*** PROVIDED ENTRIES

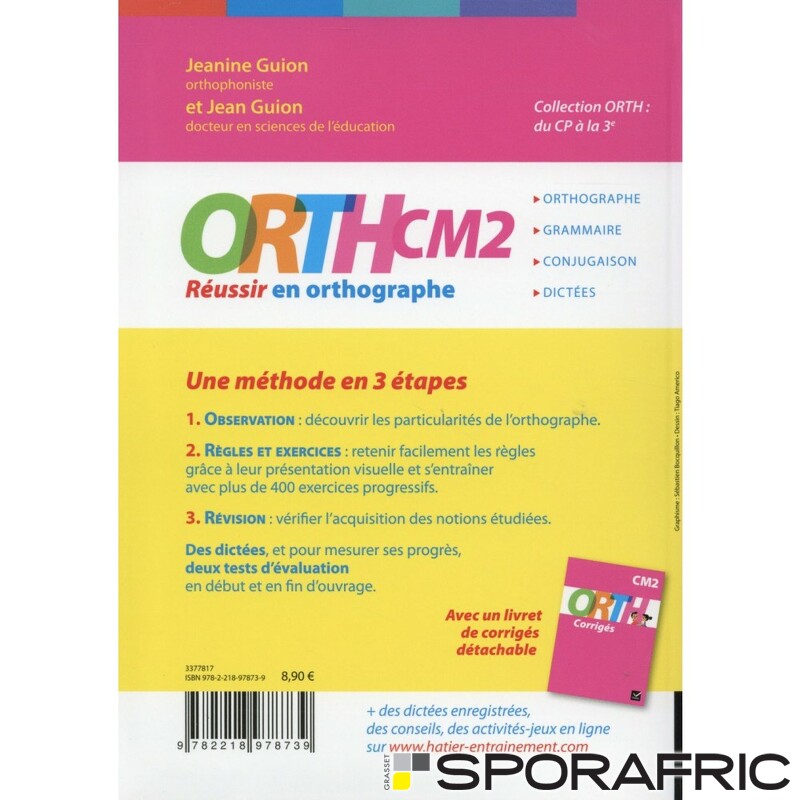 Orthographe - Grammaire - Conjugaison - Dictées. Une méthode en 3 étapes : Observation : découvrir les particularités de l'orthographe. Règles et exercices : retenir facilement les règles grâce à leur présentation visuelle et s'entraîner avec plus de 400 exercices progressifs. Révision : vérifier l'acquisition des notions étudiées.
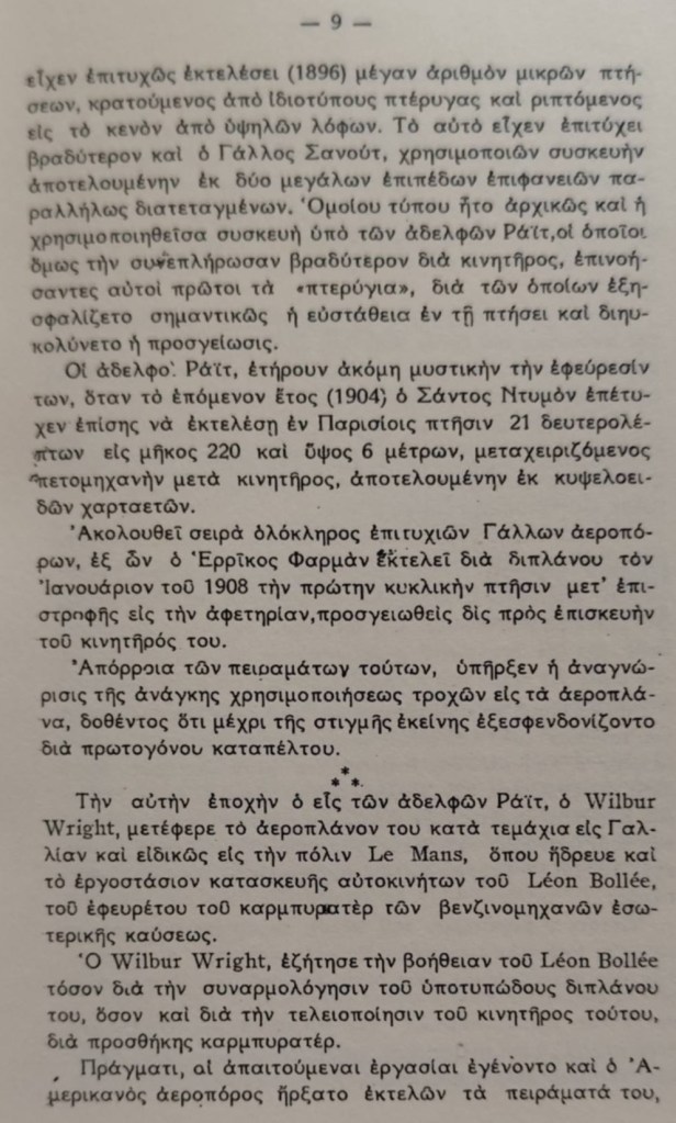 Οι δύο σελίδες από το βιβλίο του Βροντάκη που αναφέρουν την πτήση του Μιχαλόπουλου. Άστοχος ως προς το κομμάτι του ρεκόρ διάρκειας πτήσεως, αλλά η υποσημείωση στο τέλος υπήρξε σημαντική για την μεταγενέστερη προσπάθεια ταυτοποίησης
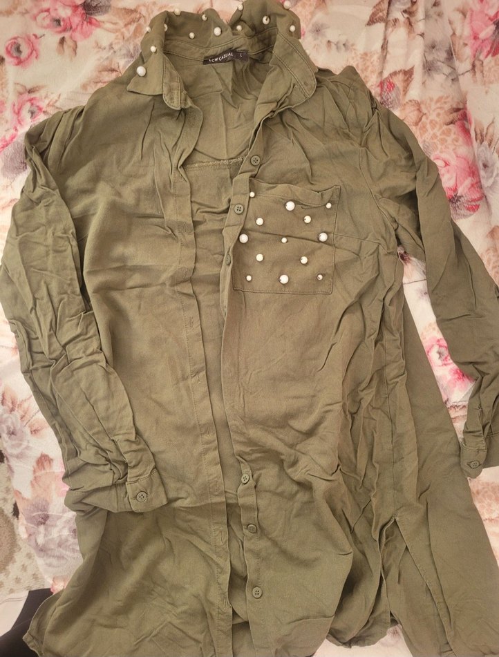 Khaki renkli, uzun kesim ve düğmeli keten gömlek. Notlu yaka ve cepte inci detaylarıyla rahat ve şık, günlük sokak stiline uygun.
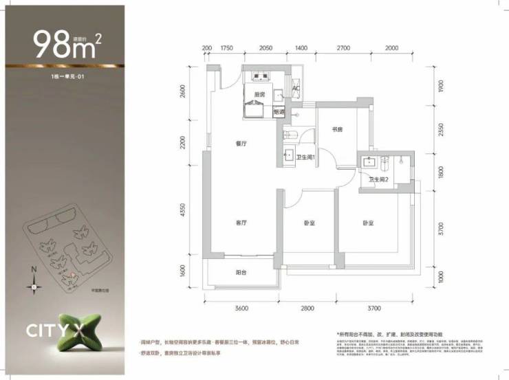 98㎡的3房2厅2卫,1栋1单元01户型,设计的是经典竖厅格局,进门入户玄关,客厅3.6米开间,LDKB一体化设计,动静分区,3个卧室分别做到了主卧14.3㎡/次卧10.36㎡/次卧6.75㎡(包含墙体飘窗),U型厨房,公卫三段式分离,得房率约75.4%(不含赠送),东北朝向。套内面积73.89㎡+赠送面积10.05㎡=实得83.94㎡,加上赠送后得房率约85.65%。还未推售
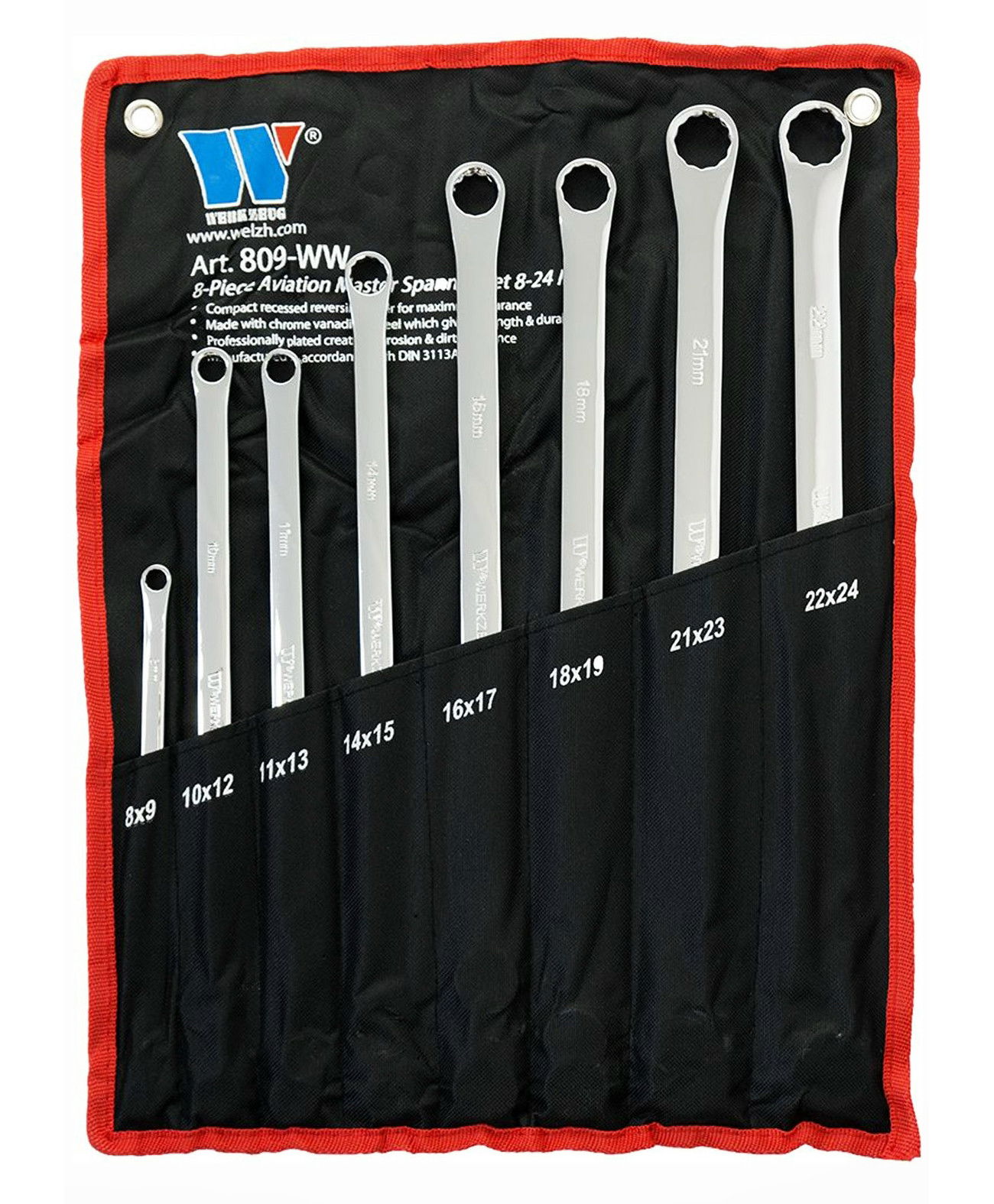 Welzh Werkzeug 809-WW csillagkulcs készlet, egyenes, extra hosszú, metrikus, 8 részes
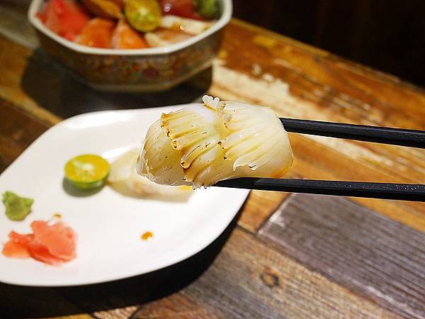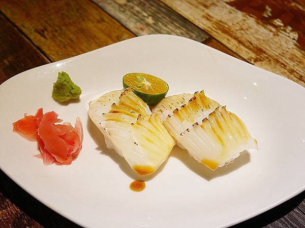 握壽司一共有兩貫,店家的花枝有刻花並微炙燒,所以花枝在飯上看起來很活潑
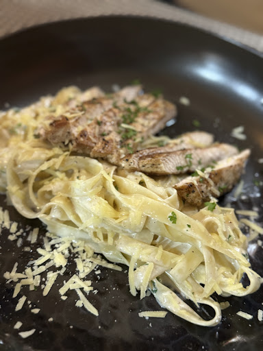 Food: every meal was surprisingly good. We didn’t expect much but were pleasantly surprised. The skirt steak was cooked perfectly to medium. However, they don’t have steak knives so it can be hard to cut. The garlic pizza was thin but delicious. It was cooked quickly too. Mushroom soup was enough for two people with double servings. It needed some salt but not much. The Parmesan sauce over the chicken pepper tagliatelle was very tasty. We were so pleased with the dishes.
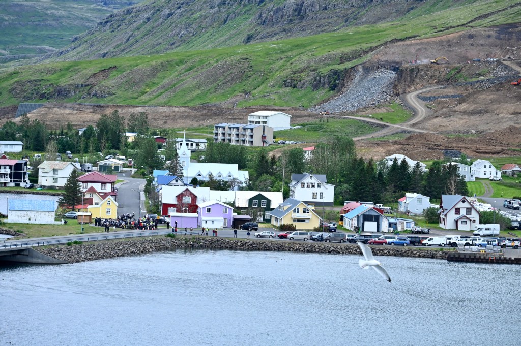 Arrivée à Seyðisfjörður avec une Température de 4 degrés et déjà une ambiance particulière ! On ne peut pas dire que le port d’arrivée soit très beau mais en tout cas il est très protégé en fond de fjord.
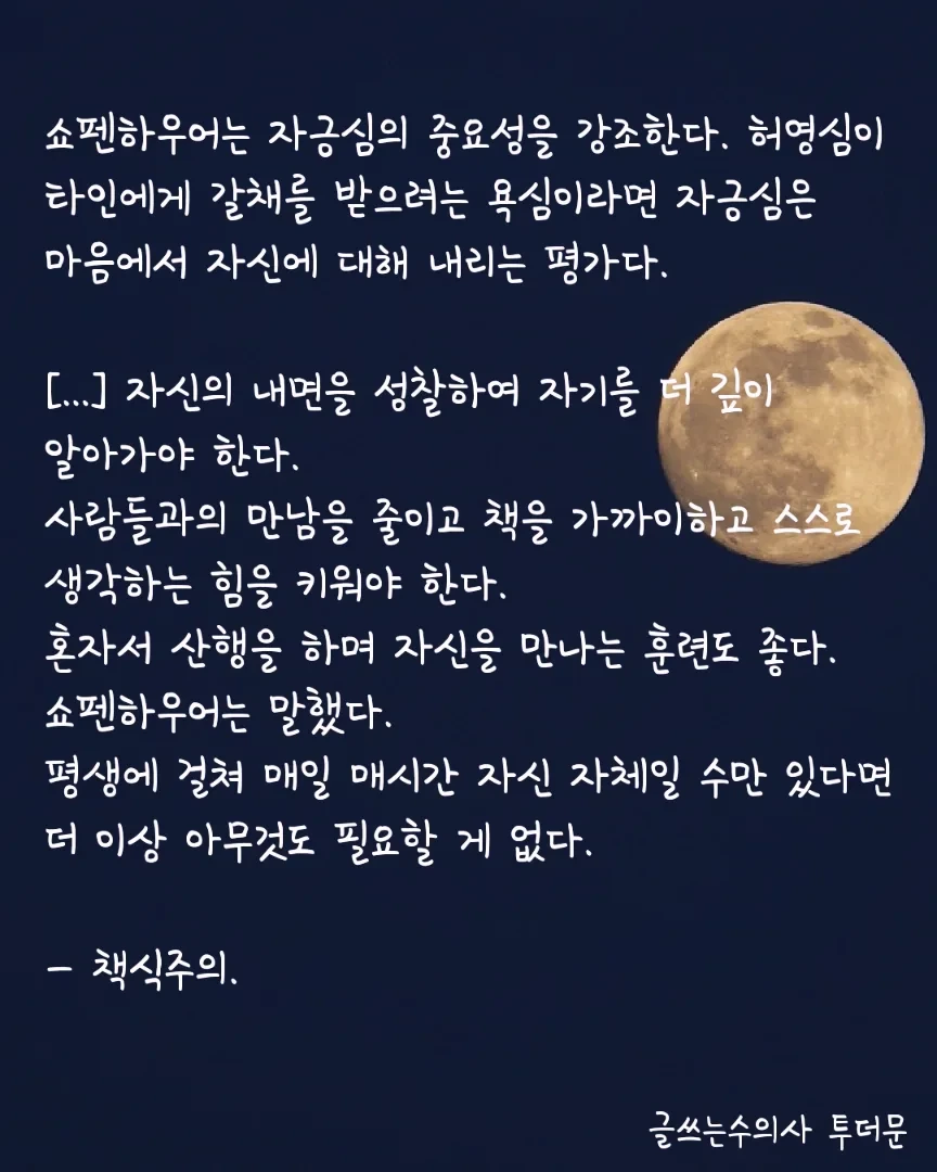 쇼펜하우어는 자긍심의 중요성을 강조한다.
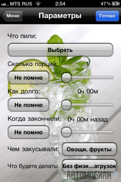 3 .iAlcohol - приложение для определения уровня содержания алкоголя в крови и вычисления перерыва в вождении. Формула расчета программы включает наиболее полное количество факторов, влияющих на результат, гарантируя точность измерения более 90 процентов. Используя последние научные исследования, приложение вычисляет влияние факторов на продолжительность фаз алкогольной интоксикации: фазы ресорбции (всасывания) и фазы элиминации алкоголя. Основные возможности: таймер окончания перерыва в вождении; история замеров; учет влияния пищи на концентрацию алкоголя; учет влияния роста, веса, пола, вида деятельности на концентрацию алкоголя; смешивание напитков; прогнозирование перерыва в вождении; смена вида деятельности после запуска таймера.
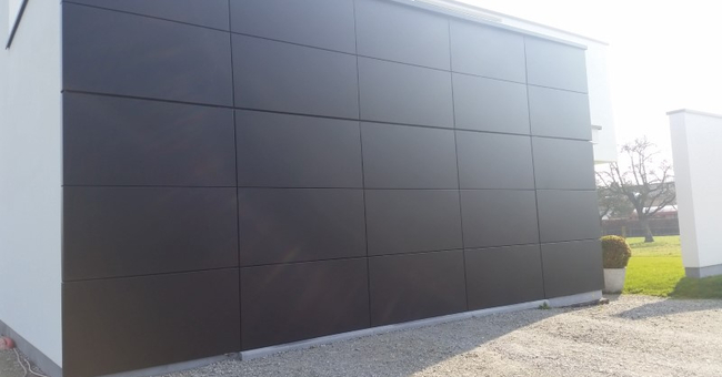 Onze invisidoors kunnen verschillende afwerkingspanelen hebben , gaande van aluminium , hout , Trespa , Rockpanel en zelfs het nieuwste Eternit Tectiva !

******

◆ WORK INSTRUCTION
Within these entries, output exactly the lines starting at the one with "Food: every meal" and finishing at the one with "쇼펜하우어는 자긍심의 중요성을 강조한다.". Leave pictures out of the output.

◆ ANSWER
 Food: every meal was surprisingly good. We didn’t expect much but were pleasantly surprised. The skirt steak was cooked perfectly to medium. However, they don’t have steak knives so it can be hard to cut. The garlic pizza was thin but delicious. It was cooked quickly too. Mushroom soup was enough for two people with double servings. It needed some salt but not much. The Parmesan sauce over the chicken pepper tagliatelle was very tasty. We were so pleased with the dishes.
 Arrivée à Seyðisfjörður avec une Température de 4 degrés et déjà une ambiance particulière ! On ne peut pas dire que le port d’arrivée soit très beau mais en tout cas il est très protégé en fond de fjord.
 쇼펜하우어는 자긍심의 중요성을 강조한다.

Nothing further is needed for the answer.